The Omnivoracious blog on Amazon compared their year end top 100 books list, with the New York Times 100 Notable Books and Publishers Weekly’s Best Books of 2009 to get a composite of the best books of 2009. There were 11 books that were on all 3 lists this year, plus 2 that were not on the Notable 100, but were on other NY Times lists. For what it’s worth, there were 13 last year and 11 in 2007. No women authors made the cut, only 2 novels, and 2 graphic novels.

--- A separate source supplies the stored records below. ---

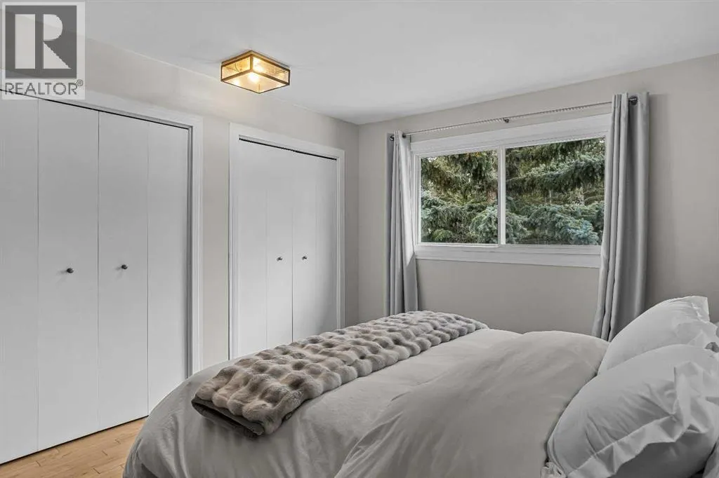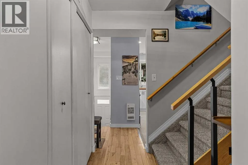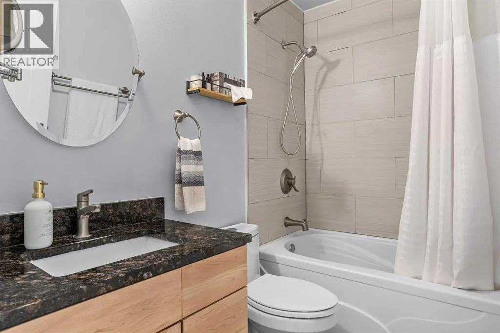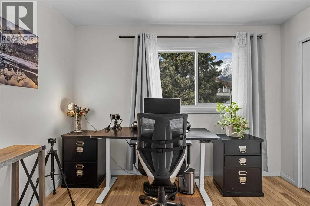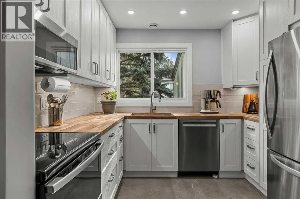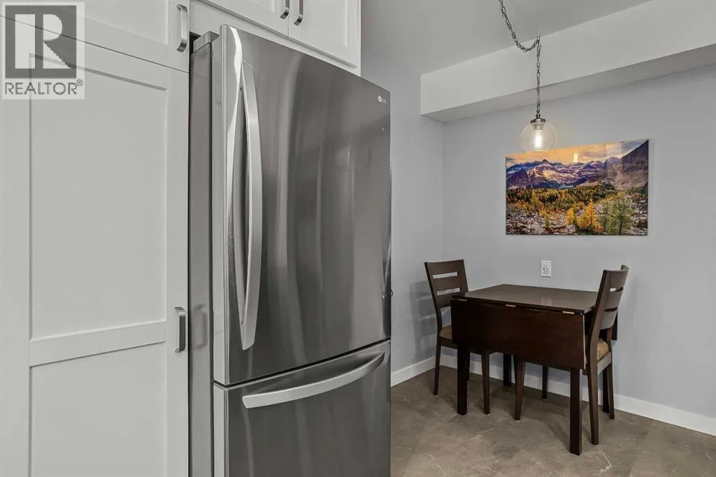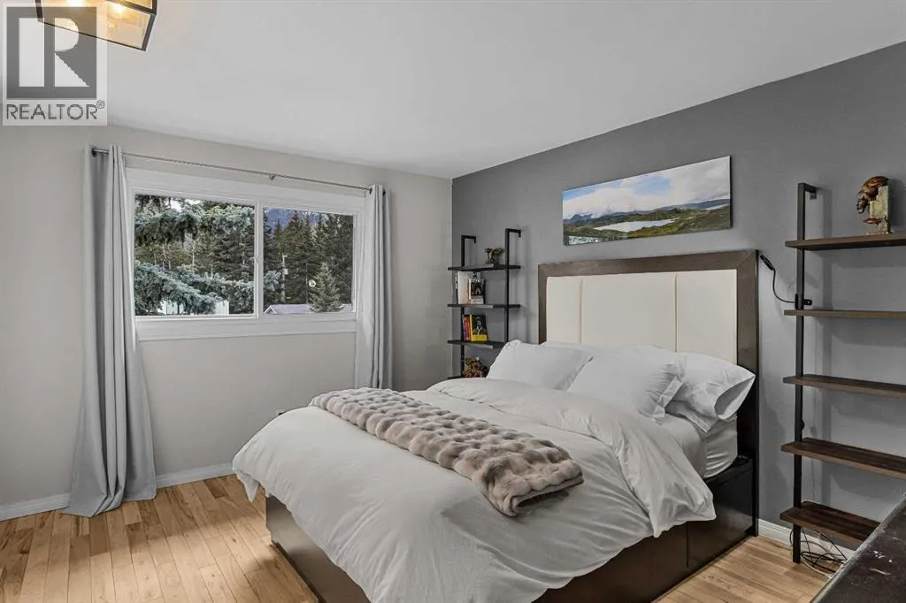 On a quiet street, only blocks from the Bow River as well as the enticing sights & sounds of Canmoreâs vibrant Main St, this mechanically & cosmetically, fully renovated 2 bed top level end unit townhome is a âturnkeyâ stand-out. Entering from ground level, the landing leads up to a spacious & completely remodelled eat-in kitchen. Light & bright finishes gleam as sun pours in through recently replaced south-facing windows. New flooring & smooth, âpaint gradeâ ceilings transition to the living room in a seamless fashion. Here, an airtight wood-burning stove is a major upgrade from the original fireplace & is a wonderful focal point in this restful space. Through new sliding doors, a covered deck adds outdoor living space where convenient stairs take you to the rear yard of the complex. Up stairs flanked in new handrails, you arrive at a broad landing complete with side-by-side laundry, storage & a convenient laundry folding area. The mechanical room contains a new furnace & hot water tank. The bedrooms are a hallmark of a time when developers built more generous floor plans, where the primary bedroom size rivals those in far more costly homes. The second bedroom is also comfortably proportioned. Both share a 4-pc bathroom with designer touches. One off street parking space, a sizable storage shed, all in a well-managed corporation offers value second to none. (id:27476)
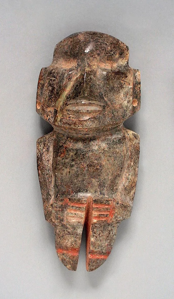 Small carved stone figure with stylized human form, mottled gray-brown surface with traces of coral-red pigment in incised grooves at the midsection
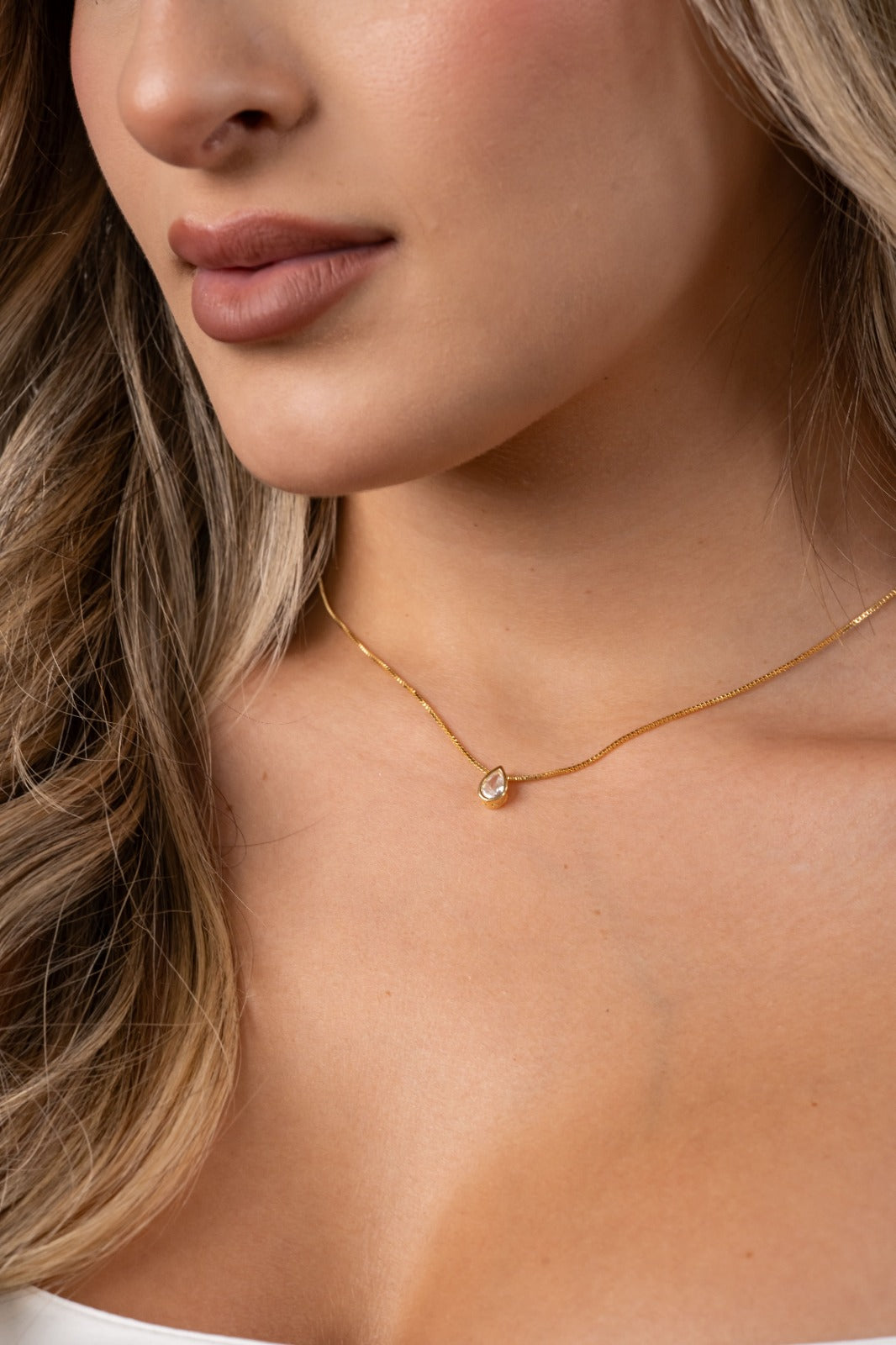 Joya: Cadena Lágrima – Dije en forma de lágrima con piedra central cristalina.
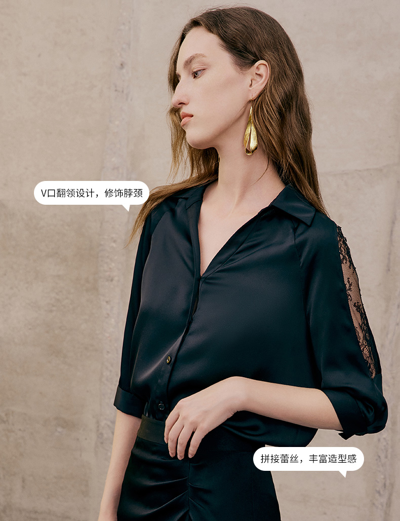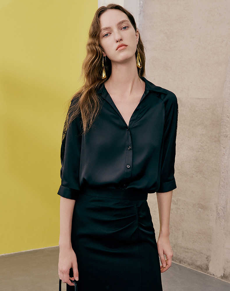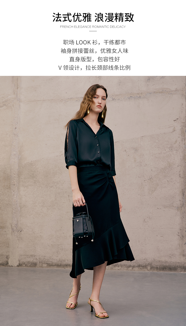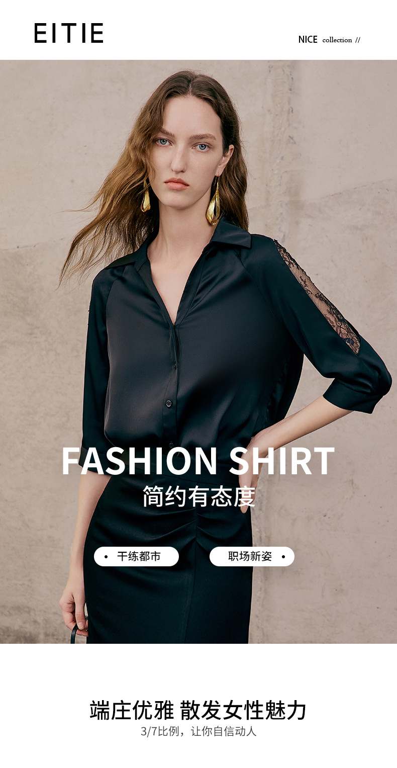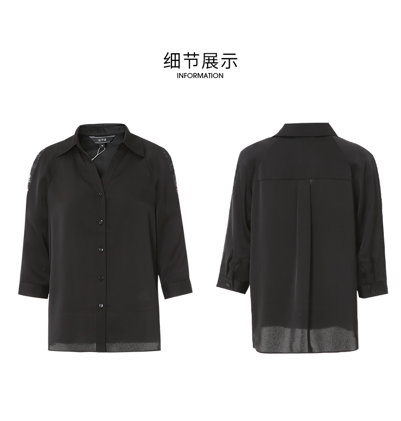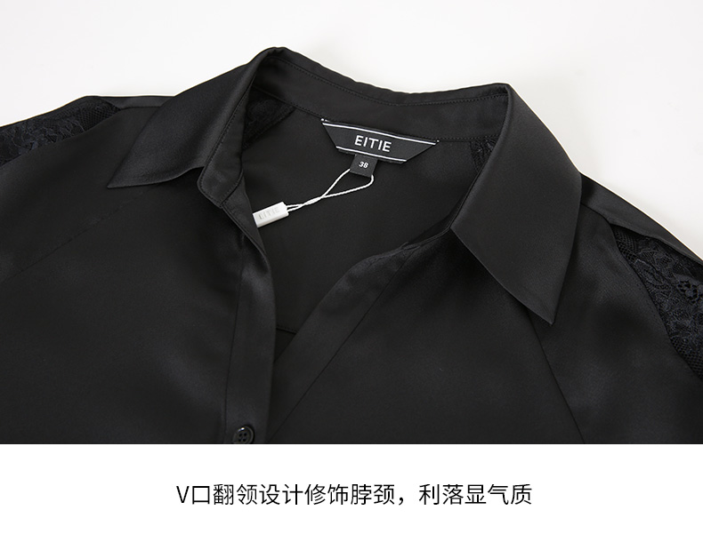 EITIE爱特爱夏季新款通勤干练职业时尚显瘦袖子蕾丝拼接衬衫女上衣7409103

Asterios Polyp by David Mazzucchelli
Await Your Reply by Dan Chaon
Sag Harbor by Colson Whitehead
The Age of Wonder by Richard Holmes
Born Round by Frank Bruni
Cheever by Blake Bailey
Columbine by Dave Cullen
Fordlandia by Greg Grandin
The Good Soldiers by David Finkel
The Lost City of Z by David Grann
Shop Class as Soulcraft by Matthew Crawford
Momofuku by David Chang and Peter Meehan (not in NYT’s 100 Notable, but in their best cookbooks list)
The Jazz Loft Project by Sam Stephenson (not in NYT’s 100 Notable, but in their Gift Books list)

Killing Yourself to Live: 85% of a True Story by Chuck Klosterman

Hearing how Chuck Klosterman’s voice sounds on Bill Simmons’ podcasts makes it a little more awesome to read this book. I thought the premise tying this book together was unnecessary, as Spin could have just sent Klosterman on a road trip. It’s worth reading even if I don’t know whether to pronounce Klosterman as Close-terman or Claws-terman.